Eye For Film >> Movies >> Emmanuelle 1, 2, 3, 4 (1984) Film Review
Emmanuelle became notorious in the Seventies as the fashionable face of nymphomania. Her soft core lifestyle was full of Eastern promise. The glorification of an open marriage, with plenty of casual encounters, seems naive and misguided now.
The arrival of four Emmanuelles in unexpurgated DVD offers a voyeuristic wallow in post-colonial (post-coital) decadence. All are shot in exotic locations. The women, without exception, have beautiful bodies. The men are less memorable. Her husband in 2 and 3 (Umberto Orsini) passes muster, it has to be said. At least, he can act.

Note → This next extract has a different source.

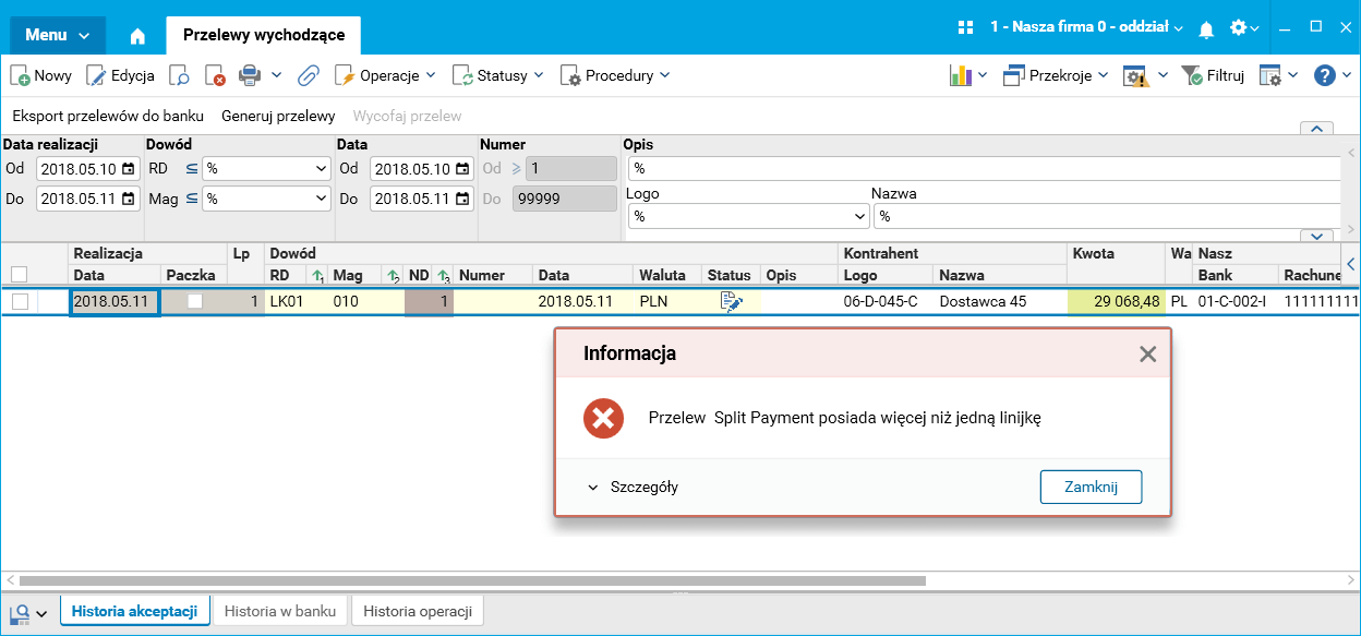 Rys. Blokada potwierdzenia przelewu Split Payment z wieloma pozycjami

Emmanuelle 4 is so daft it shouldn't be allowed out in public. Sylvia Kristel, who plays the bisexual heroine, has plastic surgery in order to escape from a discarded lover. She wakes up from the operation as Mia Nygren, a lissome model 13 years younger, who says "I want to be free and make love to the whole of Brazil." She has a try, but bumps into that man again, who sees her as a different person, suitable for seduction. Naturally, she complies.
Between 1 and 3 the girl with perfect breasts progresses from innocent young wife to rapacious adulteress. Her husband in 1 works for the diplomatic service in Bangkok, where the ex-pats "practice idleness as a fine art." By 3 she's stuck away in the Sechelles and he's an architect.
The locations are juicy and far from home, which encourages bad behaviour. Money appears no object. Servants hover.
Girlplay and threesomes are popular, although the only truly erotic sequence is in a bathhouse on Bali in 2. The storylines are used as backdrop for the sexy bits except in 3 when E falls in love with a drippy film director and Mr E is jealous. "I'll stoop to any mean trick to hold you," he says, and does.
1 looks dated, with his Carnaby Street strides and their hanging basket chairs. Her education into erotica is left to a creepy old purve who takes her to an opium den and watches while a doped up local stud has his way with her.
2 is directed by an Italian and resembles a fashion shoot for Vogue. E has become a predator in the love jungle, beginning with a ravishing blonde on a crowded liner in the China seas and moving into men once at Hong Kong - a flyer, a polo player, a dance teacher - before befriending a teenage girl, who joins them in the Bali bathhouse. There is not much room for plot.
3 is more jaded, although just as scenic. E says, "Making love is the main interest in my life," as if you hadn't guessed by now. But her heart's not in it. Also, she's cut her hair which is a mistake. The story kicks in when she goes wobbly over the Parisian moviemaker who looks gay and Mr E snaps out of his self-satisfied cocoon and does something positive for a change.
4 is mad. And bad. It does contain the unforgettable line: "Boys are like dough. There is a certain way of touching them that will make them rise."
The acting is abysmal and the dubbing appalling. Simulated orgasms begin to pall after a while and the humour is entirely unintentional.